╭─ Stored data
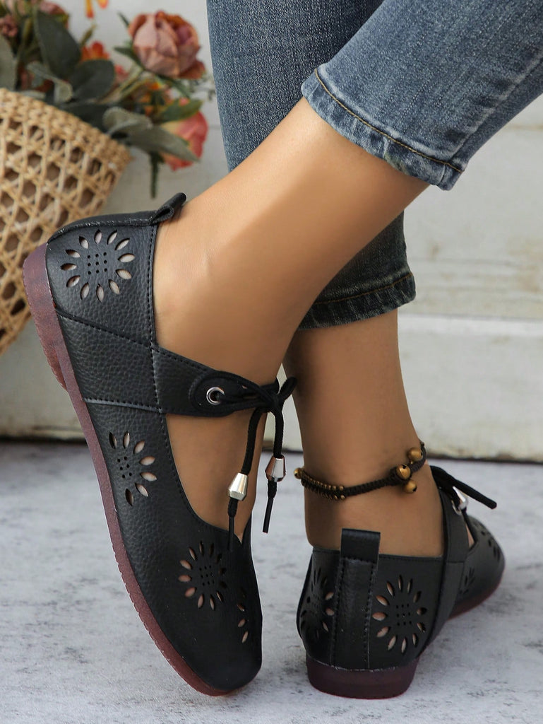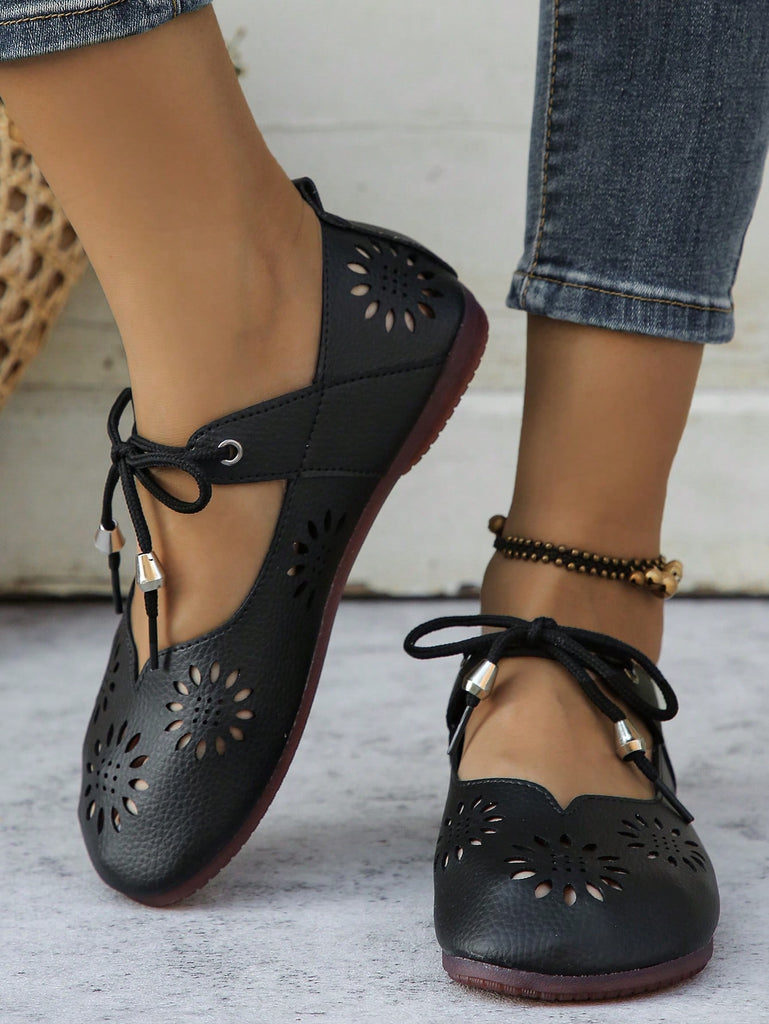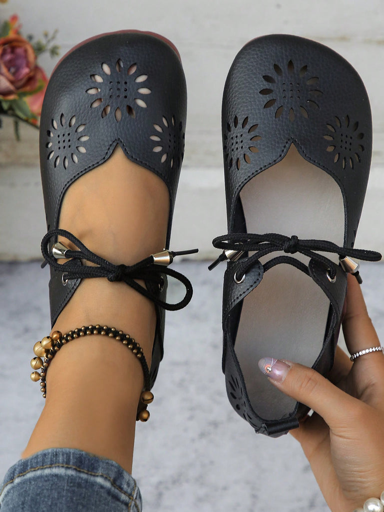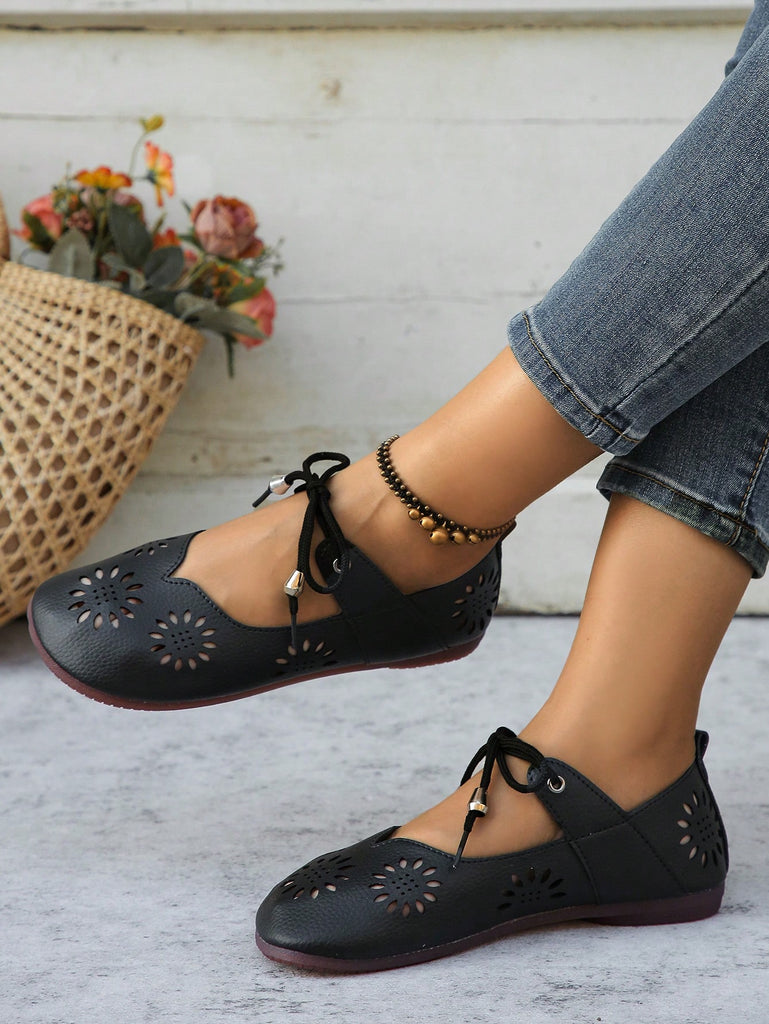 Women's Floral Hollow Lace-Up Flat Comfortable Lightweight Casual Walking Shoes, Breathable Slip-On Daily Wear
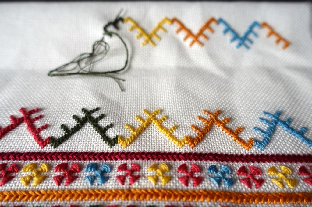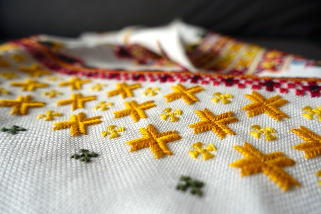 I love this design so much and due to its Hutsul origins and its decorating a woman’s shirt, I started calling it Hutsulka Ksenia.
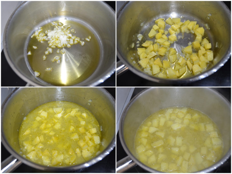 Fate dorare la cipolla in una casseruola con un po' di olio, poi aggiungete anche le patate.
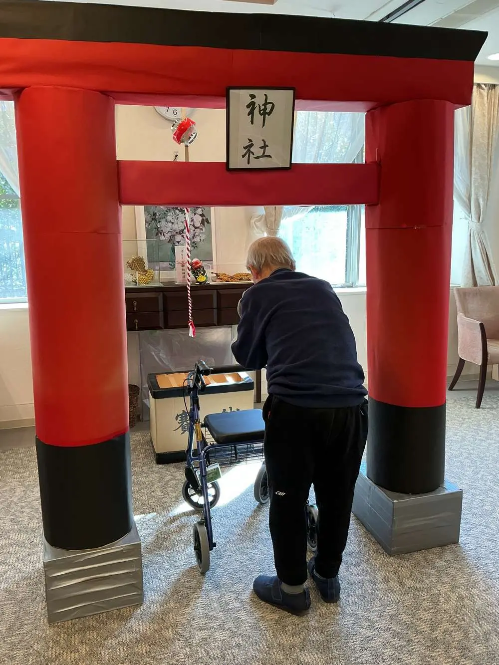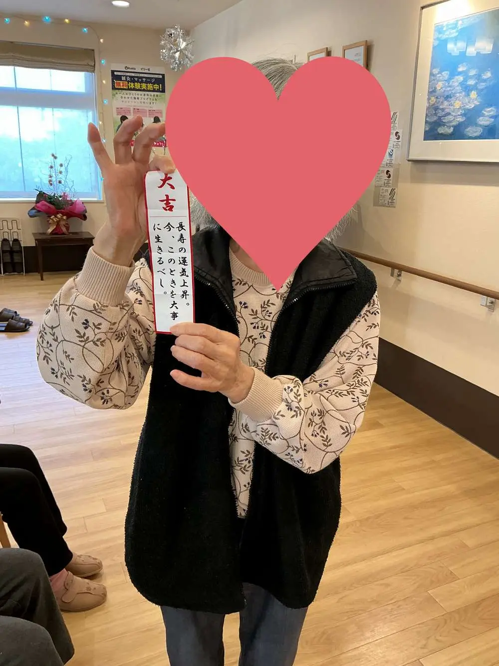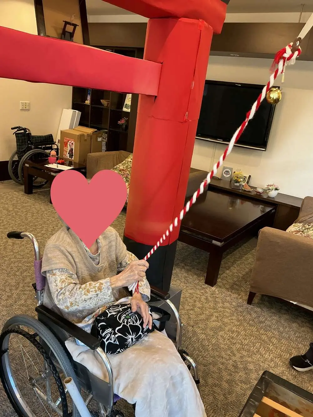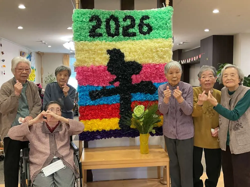 今回のブログでご紹介している写真は、お正月の壁面掲示物です。 実はこれ、入居者の皆さまとスタッフが力を合わせ、約半月もかけてコツコツと作り上げた大作なんです!
╰─
* Work order: Only the lines from the one with "Fate dorare la" through the end of the listing above should be output, exactly as written and with no pictures.

* Answer box:
 Fate dorare la cipolla in una casseruola con un po' di olio, poi aggiungete anche le patate.
 今回のブログでご紹介している写真は、お正月の壁面掲示物です。 実はこれ、入居者の皆さまとスタッフが力を合わせ、約半月もかけてコツコツと作り上げた大作なんです!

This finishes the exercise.